If you want to switch to a different international health insurance plan, you can research and compare different options, then contact the new insurance provider to inquire about their enrollment process and any necessary documentation.

Keep in mind that if you are a non-EU/EEA citizen, it is mandatory for all residents in Germany to have either public or private health insurance. Therefore, make sure that you have new coverage in place before cancelling your current plan to avoid any gaps in coverage.

19. Are there any additional benefits or perks for urgent medical care coverage under an international health insurance policy in Germany?


Some possible additional benefits or perks for urgent medical care coverage under an international health insurance policy in Germany may include:

– Access to a 24/7 multilingual helpline for assistance with finding and coordinating urgent medical care services
– Coverage for prescribed medication and necessary medical equipment related to the treatment of the urgent condition
– Coverage for emergency medical transportation, such as ambulance services or air evacuation, if needed
– Reimbursement for any out-of-pocket expenses incurred during the urgent care visit, such as co-pays or deductibles
– Referral networks to reputable, English-speaking doctors and hospitals in Germany that specialize in treating the specific urgent condition
– Assistance with navigating the German healthcare system and understanding cultural differences that may impact your urgent care experience

20. How do I renew my international health insurance policy when staying in Germany long term?

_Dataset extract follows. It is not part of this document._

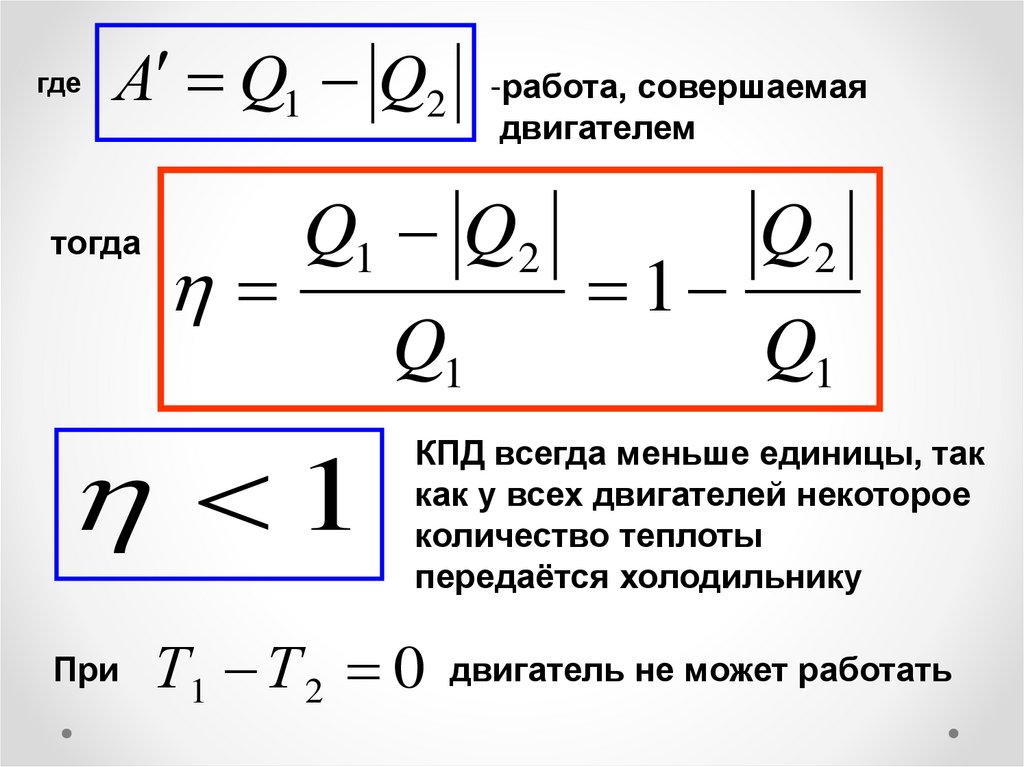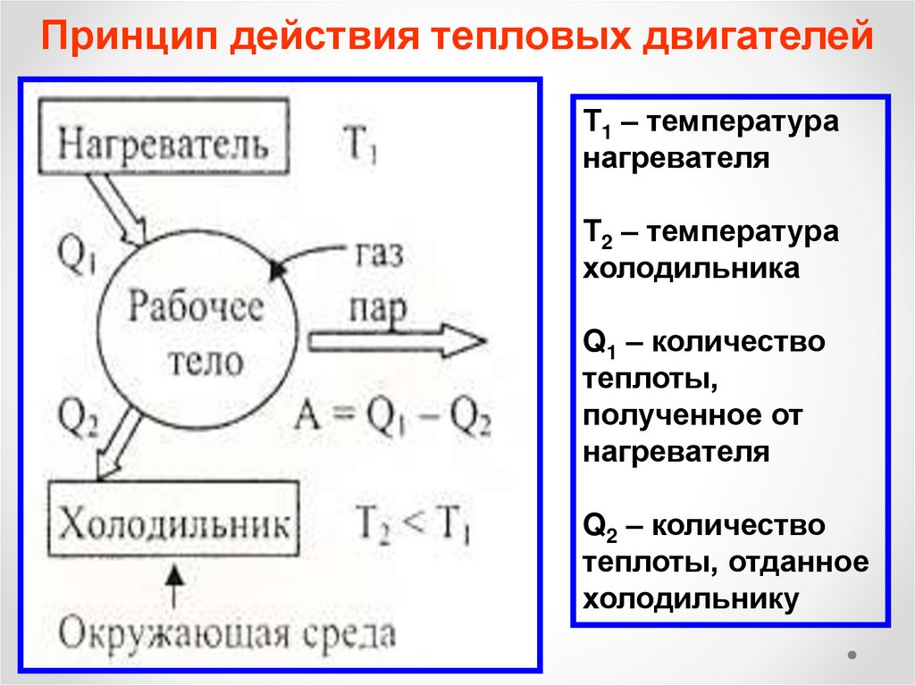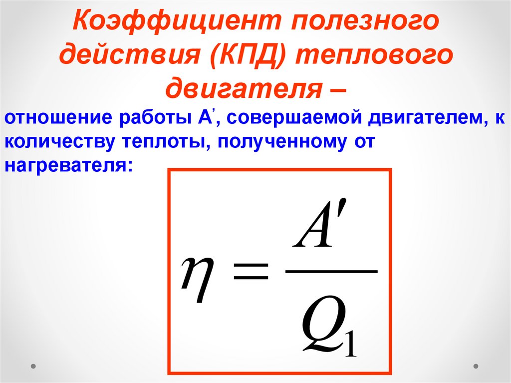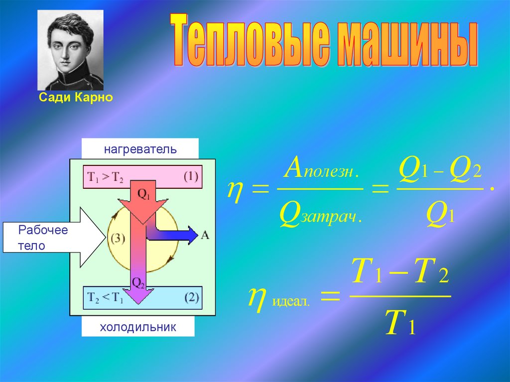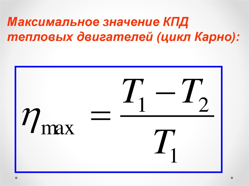 Максимальное значение КПДтепловых двигателей (цикл Карно):

If you are planning to stay in Germany long term and wish to renew your international health insurance policy, the process may vary depending on the specific insurance provider and policy you have chosen. In general, here are the steps you can take to renew your international health insurance policy while staying in Germany:

1. Contact your insurance provider: The first step is to contact your insurance provider and inform them that you wish to renew your policy. This can usually be done through email or a phone call.

2. Provide updated information: Your insurance provider may ask for updated information about your current situation, such as your address, visa status, and any changes in your health.

3. Make the necessary payments: Once the updated information has been provided, you will need to make the necessary payments for renewing your policy. This could include an annual premium or monthly installments.

4. Submit any required documents: Depending on the insurance policy, you may need to submit certain documents along with your renewal request, such as proof of residence or a copy of your current visa.

5. Review and sign new contract: After submitting all necessary information and making payments, review the new contract carefully before signing it.

6. Receive new insurance card: Once the renewal process is complete, you should receive a new insurance card from your provider. Keep this with you at all times for any future medical needs.

It is important to note that policies and procedures may vary between different insurance providers. It is recommended that you contact your specific provider for detailed instructions on how to renew your international health insurance policy while staying in Germany long term.